Scenes from the expanding dairy industry in the northeastern US, 1910s-1950s:

8-year-old Jack in western Massachusetts gets ready for his milk deliveries on a “stone boat”, from a Lewis  Wickes Hine report on rural child labor in the Library of Congress, 1915; a milkman making deliveries in the New York suburbs, 1925, and H.P. Hood milkmen and trucks in the 1950s, University of Massachusetts Special Collections.

From at least the 1920s, there were escalating emphases on sterilization and specialization; here in New England, the Hood Company definitely showcased the former, while condensed and super-creamy “swiss milk” represented new milk markets.

Milk postcard (H.P. Hood & Sons, “the most sanitary milk depot in New England”) and posters from the 1920s, New York Public Library Digital Collection.

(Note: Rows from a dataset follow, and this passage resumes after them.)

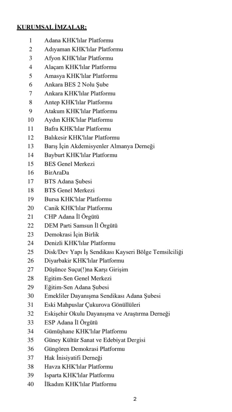 Birçok kurumun ve kişinin imzacısı olduğu açıklamada, herkes “Kanun Hükmü” belgeseline sahip çıkmaya davet edilirken, şu ifadelere yer verildi:
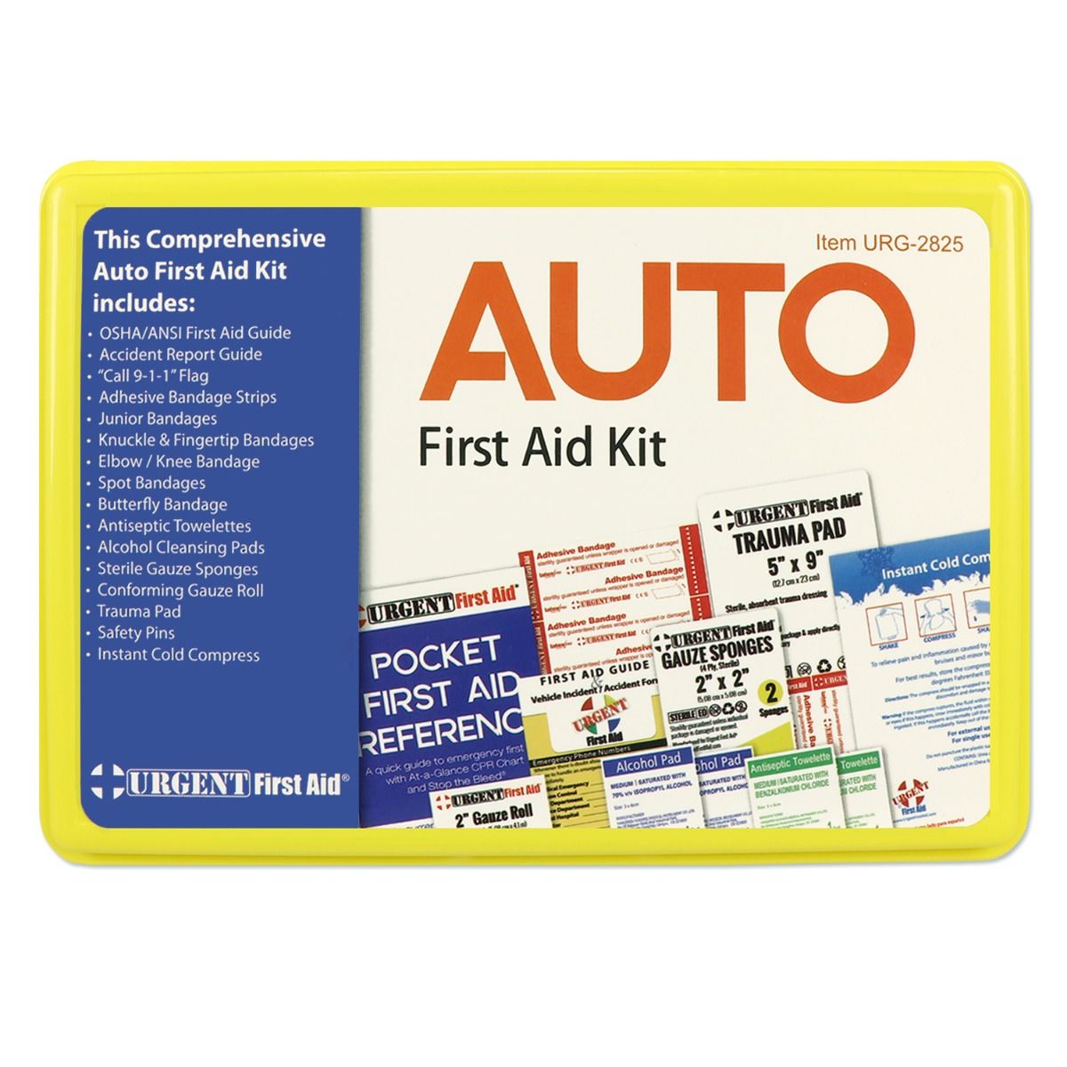 This kit was designed to have all the items you may need. The 40+ pieces fit in a small profile sturdy plastic box and include a surprising assortment of first aid items: instant cold pack for bumps, bruises, sprains and strains, antiseptic cleansing wipes and towelettes, ointments for treating open wounds, gauze roller conforming bandage, sterile pads and sponges for covering larger areas, pain relievers, a thorough first aid guide with instructions on caring for all types of illnesses and injuries, plus a variety of bandage sizes for different cuts, scrapes and lacerations – even thoughtfully packaged with hard-to-find knuckle, fingertip, elbow, knee, butterfly, and spot/coverlet bandages!
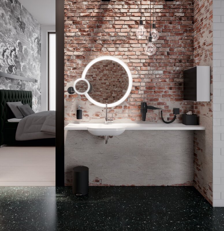• Intelligent colour design: In terms of colour, neutral tones should dominate, visually enlarging the room and providing brightness. Accessories in contrasting colours can add depth and sophistication. System 900 from HEWI, for example, is available in different colours – from lever handles to support rails, paper roll dispensers and brush sets through to the washbasin system.

The production and distribution of milk, like most evolving industries, has an impact of gender:  the coming of the milkman means the disappearance of the milk maid, a very prominent figure in British print culture in the eighteenth and early nineteenth centuries, but much less so in America.  Looking through the print and caricature collections in the British Museum, I see that the milkmaid takes on a number of representative roles:  she is the picture (and bearer) of health in the countryside and the yoke-bearing female representative of the “lower orders” in the city, while in the satirical prints of Thomas Rowlandson and James Gillray she epitomizes a “loose” woman, spilling her milk as she winds up in a haystack with any man who wanders into her midst.  The best way to criticize a man at the end of the eighteenth century was to turn him into a woman, and poor King George III appears as a milkmaid several times, usually during bouts of his recurrent illness.

Milk maids of England:  in the city (1804), the country (1807) and at Windsor (George III, 1792), British Museum.